Show HN: Open source framework OpenAI uses for Advanced Voice

97 pointsposted 10 hours ago
by russ

17 Comments

pj_mukh

5 hours ago

Super cool! Didn't realize OpenAI is just using LiveKit.

Does the pricing breakdown to be the same as having a OpenAI Advanced Voice socket open the whole time? It's like $9/hr!

It would be theoretically cheaper to use this without keeping the advanced voice socket open the whole time and just use the GPT4o streaming service [1] for whenever inference is needed (pay per token) and use livekits other components to do the rest (TTS, VAD etc.).

What's the trade off here?

[1]: https://platform.openai.com/docs/api-reference/streaming

davidz

4 hours ago

Currently it does: all audio is sent to the model.

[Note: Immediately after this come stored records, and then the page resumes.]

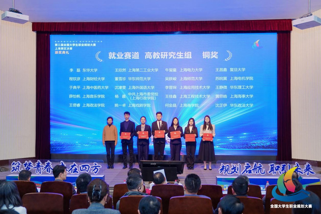 近日,第三届全国大学生职业规划大赛上海赛区决赛闭幕。我校学生在此次比赛中表现突出,共获得银奖2项、铜奖2项。其中,能源与机械工程学院卢思坦、电气工程学部白宇希获成长赛道高教组银奖;经济与管理学院杨泽元获就业赛道高教本科生组铜奖;电气工程学部牛玺童获就业赛道高教研究生组铜奖。学校获评优秀组织奖。
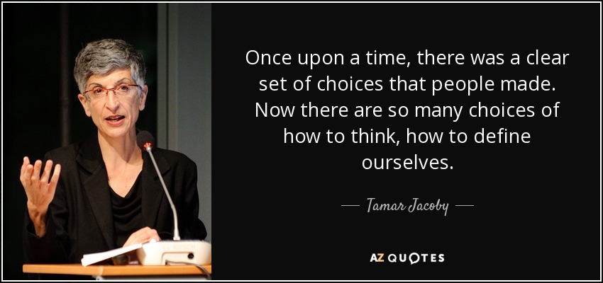 Once upon a time, there was a clear set of choices that people made. Now there are so many choices of how to think, how to define ourselves.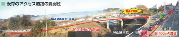 浜田港で外貿貨物等を取り扱う主要なふ頭のある福井地区と背後を結ぶ既存の臨港道路福井1号線は、接続する幹線道路の渋滞や急勾配による大型貨物車両の速度低下等により、増加が見込まれる円滑な貨物輸送に支障となっています。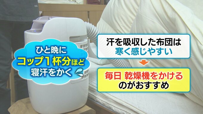 寝ている間、人間はコップ1杯分の汗をかいているといいます。これだけの汗を吸収した布団は寒く感じやすいので、毎日、乾燥機をかけて布団をカラカラに乾かすのがおすすめということでした。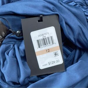 DKNY Deep Sea All Around Pleat Ribbon Back Neck Belted Dress Size 12 NWT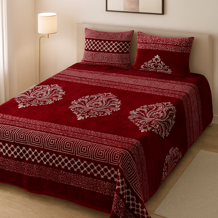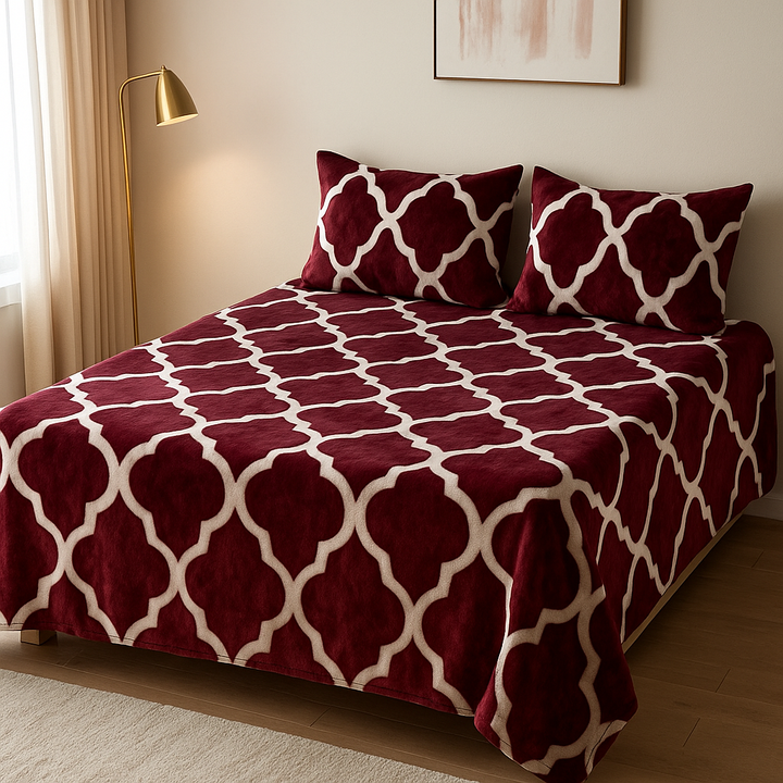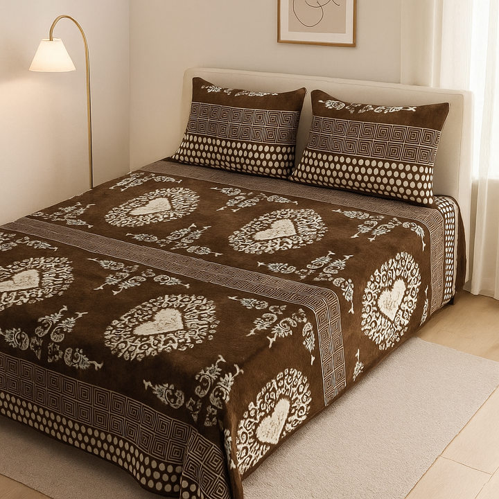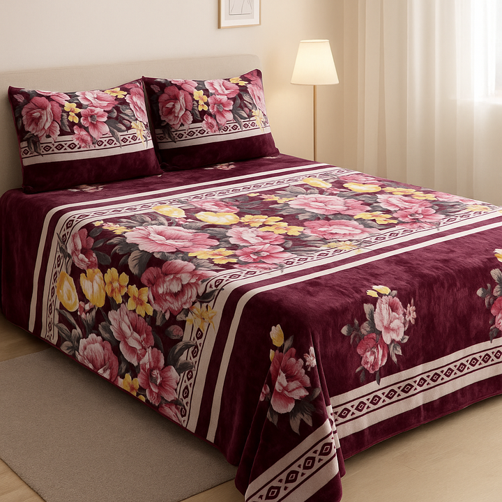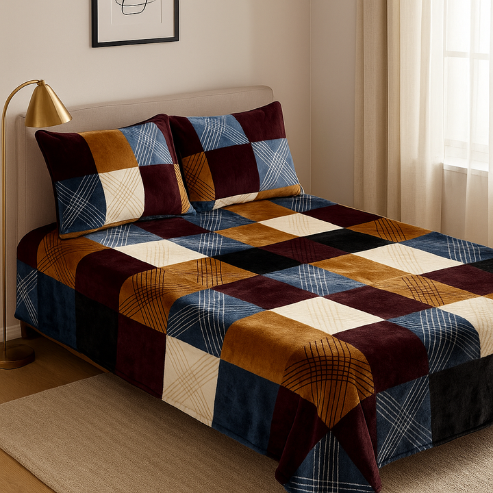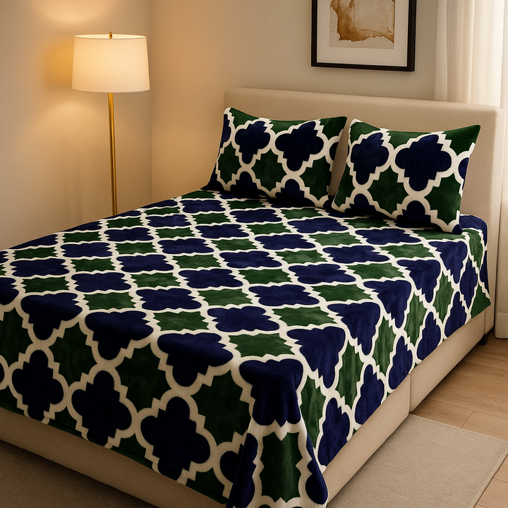 This Comforah fleece bedsheet set is perfect for cold winter nights, offering a soft, warm, and plush texture that enhances both comfort and style.

However, we are working on turn detection within the framework, so you won't have to send silence to the model when the user isn't talking. It's a fairly straight forward path to cutting down the cost by ~50%.

solarkraft

2 hours ago

That’s some crazy marketing for a „our library happened to support this relatively simple use case“ situation. Impressive!

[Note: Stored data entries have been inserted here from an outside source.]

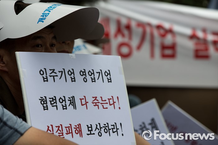 (서울=포커스뉴스) 14일 오후 서울 영등포구 국회의사당역 인근에서 개성공단 비상대책위원회원들이 정부의 폐쇄 조치에 따른 재산권 보호를 촉구하며 집회를 하고 있다.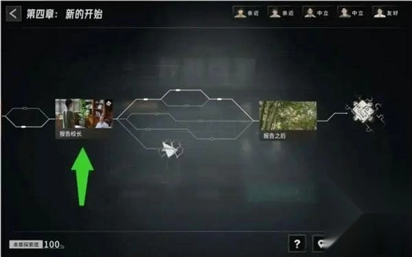 2、进入章节页面,选中第四章,把故事线滑动至末尾,找到“报告校长”的环节。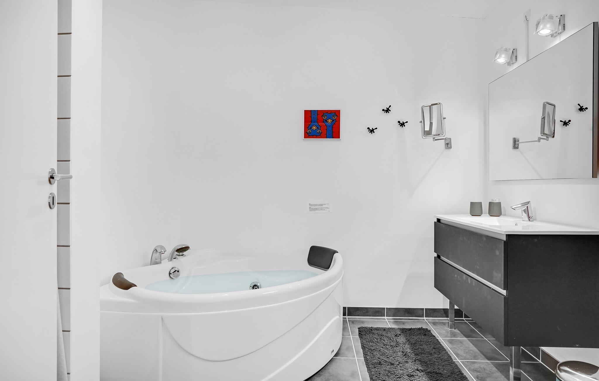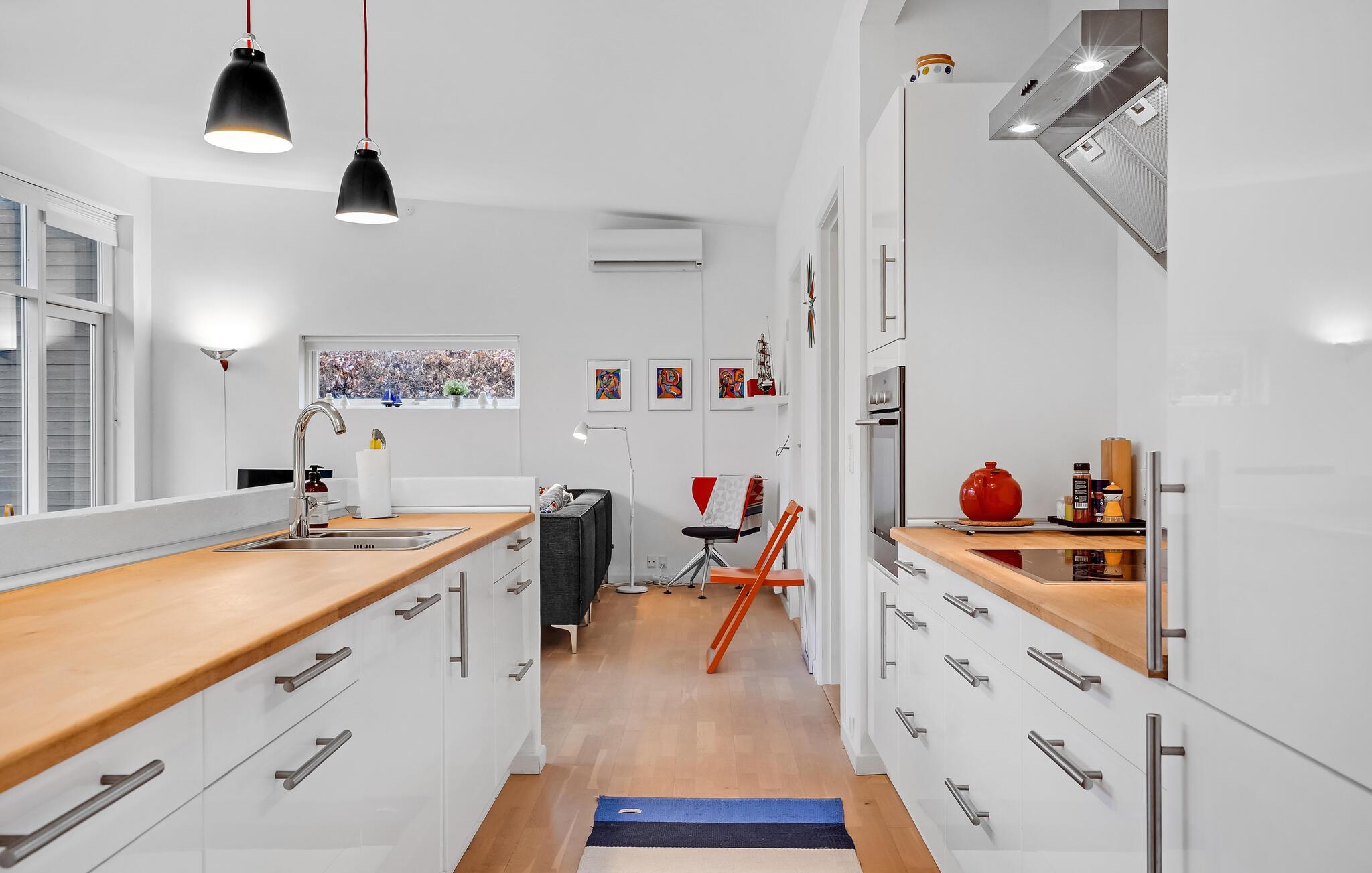 In het dorp Ebeltoft neemt u uw intrek in dit geweldige vakantiehuis, dat bij uitstek geschikt is voor een klein gezin. U komt samen in de centrale open keuken/woonkamer met open haard om samen te eten, bordspellen te spelen of te ontspannen met boeken of tijdschriften. Vanuit het raam kijkt u uit over een prachtige, groene tuin.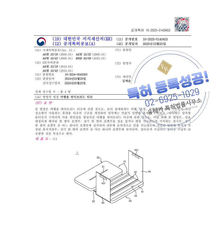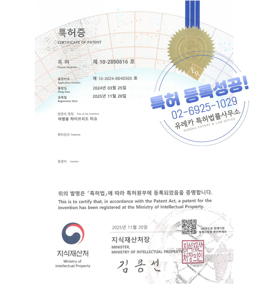 유레카 특허 등록 성공사례 II 휴지, 물티슈, 케이스 특허 출원 “여행용 하이브리드 티슈” 특허권 등록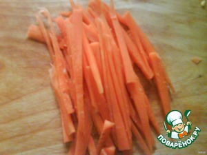 Добавить морковь, перец и розмарин. Налить еще воды (80 мл). Готовьте не до размягчения, оставьте овощи крепкими.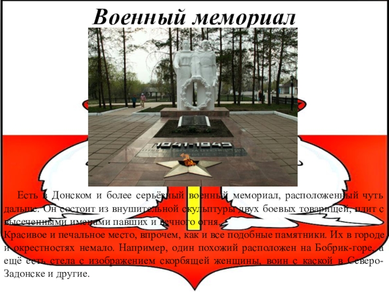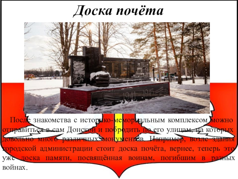 сам Донской и побродить по его улицам, на которых довольно много различных монументов. Например, возле здания городской администрации стоит доска почёта, вернее, теперь это уже доска памяти, посвящённая воинам, погибшим в разных войнах.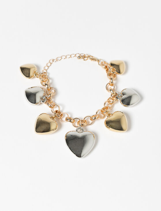 Un bijou plein de charme ! Ce bracelet à breloques cœurs dorés et argentés apporte une touche romantique et lumineuse à votre poignet.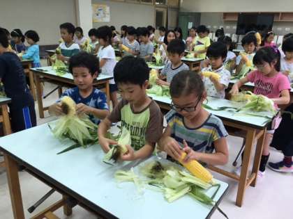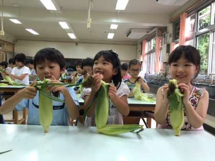 7月15日金曜日、今朝は2年生の食育の一環として、トウモロコシの皮剥き体験がありました。いつも出来上がりのトウモロコシは食べても、実際に剥くことはあまり経験がないようでした。ひげの本数が種の数 実際に食べる一粒一粒 と聞いてビックリしていました。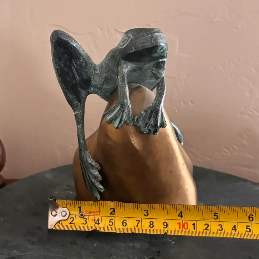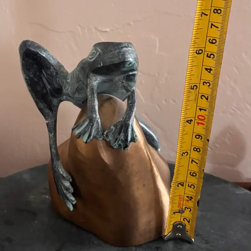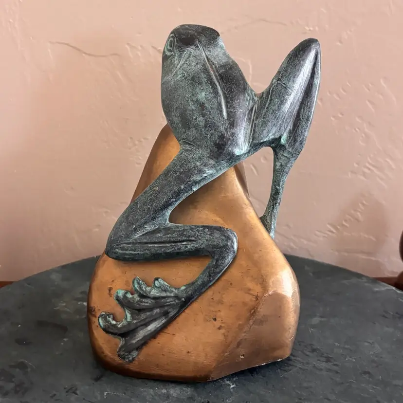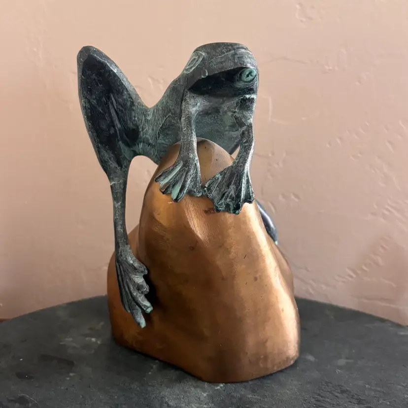 Fabulous frog on rock heavy decor piece 6 1/2"tall x 4"wide Vintage wear and patina as shown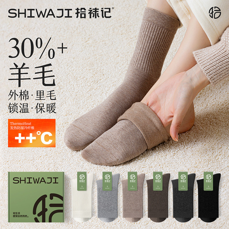 拾袜记羊毛袜子女美利奴中筒袜冬季保暖加绒加厚防臭情侣长棉袜男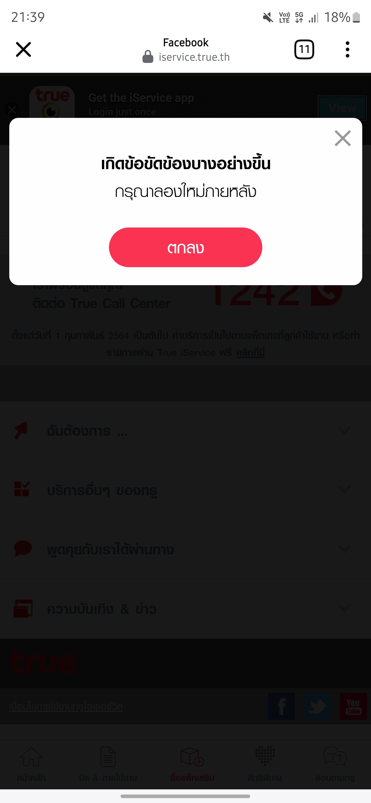ซื้อแพคเกจ โรมมิ่งของ trueiservice ไม่ได้ครับ เหลือขั้นตอนสุดท้าย บอกขัดข้อง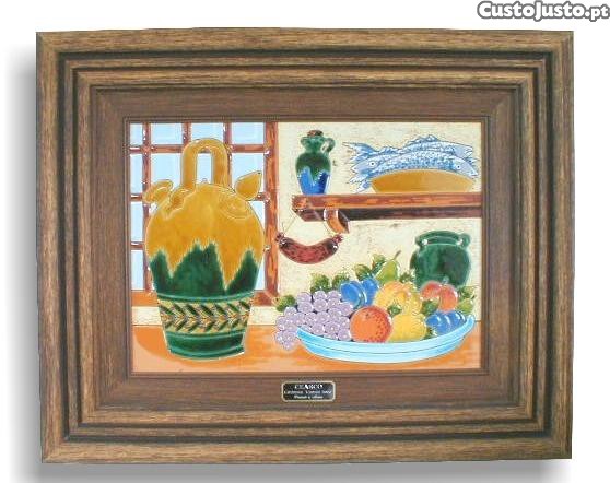 Preço: 180 €Quadro de madeira e cerâmica 50x62x3cm

By the way: The cerebras voice demo also uses LiveKit for this: https://cerebras.vercel.app/

russ

36 minutes ago

There’s a ton of complexity under the “relatively simple use case” when you get to a global, 200M+ user scale.

FanaHOVA

6 hours ago

Olivier, Michelle, and Romain gave you guys a shoutout like 3 times in our DevDay recap podcast if you need more testimonial quotes :) https://www.latent.space/p/devday-2024

russ

4 hours ago

I had no idea! <3 Thank you for sharing this, made my weekend.

shayps

3 hours ago

You guys are honestly the best

mycall

6 hours ago

I wonder when Azure OpenAI will get this.

davidz

4 hours ago

I'm working on a PR now :)

gastonmorixe

6 hours ago

Nice they have many partners on this. I see Azure as well.

There is a common consensus that the new Realtime API is not actually using the same Advanced Voice model / engine - or however it works - since at least the TTS part doesn’t seem to be as capable as the one shipped with the official OpenAI app.

Any idea on this?

Source: https://github.com/openai/openai-realtime-api-beta/issues/2

russ

4 hours ago

It's using the same model/engine. I don't have knowledge of the internals, but a different subsystem/set of dedicated resources though for API traffic versus first-party apps.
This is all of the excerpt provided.